A Termite Art Halloween: The Crazies (1973)
Formidable as his cinematic powers are, the one thing I treasure about George A. Romero's work over all others are his masterful endings (this is your hint that I will be discussing endings and thus SPOILERS will follow). A guy like Wes Craven is better at manipulating an audience, a guy like John Carpenter has a knack for out-and-out terrifying people, but no one crafts a truly bleak and therefore utterly horrifying ending like Romero.
Most horror movies, by nature, don't end happily. But Romero takes it one step further. His secret, I think, is to give a sense of false hope to the audience that things might turn out well and then to shatter our optimism with one final twist. In Night of the Living Dead, Duane Jones' Ben survives the zombie onslaught, only to be shot and killed by some white assholes. His victory is short-lived and very hollow. Romero might be horror's most fatalistic director.
Romero's little seen film The Crazies offers another great example. Before the film begins, an Army plane carrying a virus codenamed Trixie has crashed outside a suburban town. The virus, which turns its victims into raging lunatics, gets in the water, and people start going mad. Our few unstricken heroes are stuck between a proverbial rock and a hard place: as bad as the virus is, the US Army, who rumble into town to quarantine the area and contain the virus might be worse. Clad in white jumpsuits and gasmasks, they're a perfect vision of faceless, fascistic terror, and they're also an ingenious moneysaving device for an independent director like Romero: having them look alike means its easy to use the same five extras to play an entire platoon of men.

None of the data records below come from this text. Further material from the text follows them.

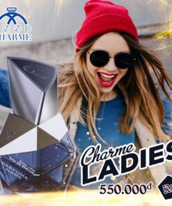 Nước hoa Ladies như hiện thân của người những thiếu nữ, nữ tính được ẩn sâu bên trong, nhường chỗ cho sự bùng nổ và 1 chút sành điệu nổi loạn. Như cái tên của mình, Charme không chỉ muốn khơi dậy khứu giác mà còn ở thị giác qua lớp hương vô hình như một tấm kính phản chiếu ánh sáng lấp lánh sang trọng. Thiết kế vỏ chai của nước hoa cùng độc đáo hộp là 1 khối tam giác cùng các đường khắc bạc nhỏ xíu đáng yêu. Chiếc nắp bạc sáng bóng với logo Charme được điểm xuyến rất tinh tế.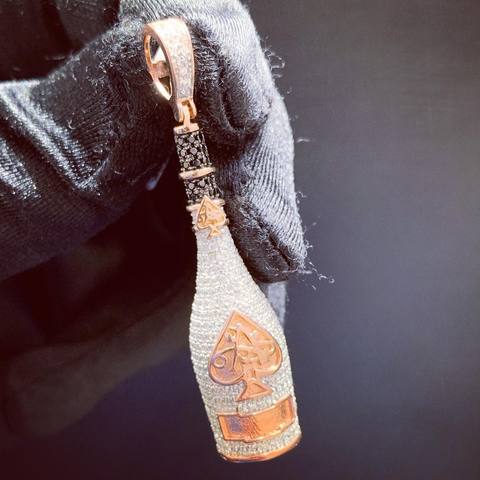 Bán buôn icedout hip hop rượu sâm banh chai ACE của spades Mặt dây chuyền 925 Bạc phim hoạt hình moissanite Vòng cổ trang sức thời trang quyến rũ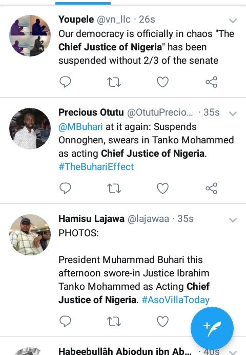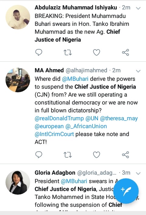 One of the aide to President Buhari, Bashir Ahmed breaks the news of suspension of Walter Onnoghen and the new appointed Acting CJN, Tanko Muhammed.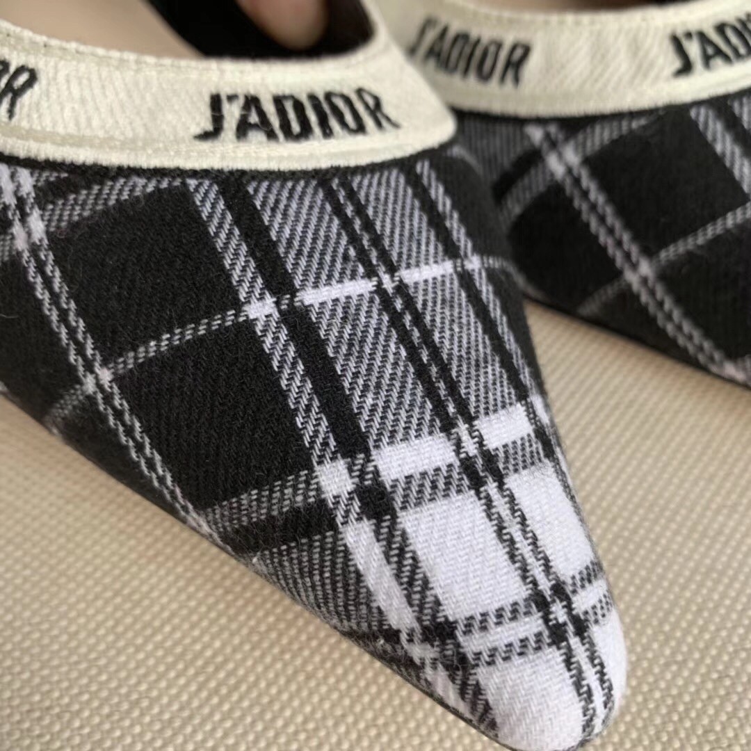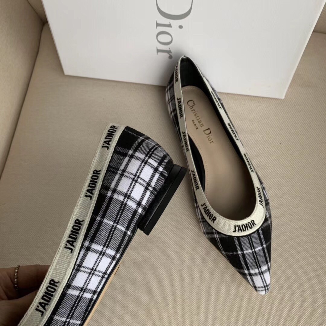 Dior J’Adior Ballet Flat In Black and White Tartan Fabric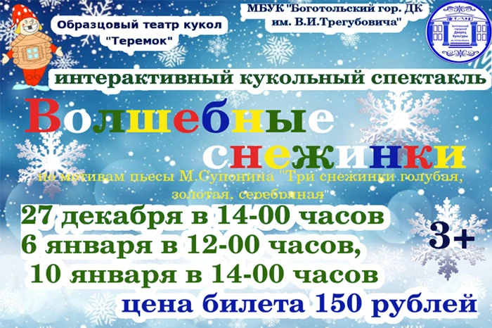 Сегодня во Дворце культуры состоялся кукольный спектакль «Волшебные снежинки» по мотивам пьесы Михаила Супонина «Три снежинки: голубая, золотая, серебряная»!

None of the visceral bloodshed Romero presents on screen is as scary as the narrative's implications: that if and when the shit hits the fan, the solution is equally as bad as the problem. My favorite scenes aren't the ones with the squibbs and gore: I loved Romero's completely cynical portrayal of Nixon-era government. As the virus spreads, a room of generals and politicians debate their options: should they nuke the town in order to save the rest of the country? Their decision: yes, but, rather than announce they've unleashed this terrible weapon and own up to their mistake, they'll claim the downed airplane contained a nuclear device which must have been damaged in the crash and has now exploded.
The Crazies isn't a particularly great movie (and, as the picture above suggests, it features meathead actors with laughably bad '70s hair in major roles) but it's a powerful piece of sustained dread, one whose careful, intelligent writing overpowers its frequent and ample technical defects. I won't go all the way and fully spoil the ending, but it makes Night of the Living Dead's look like a Disney film in comparison. Happy Halloween!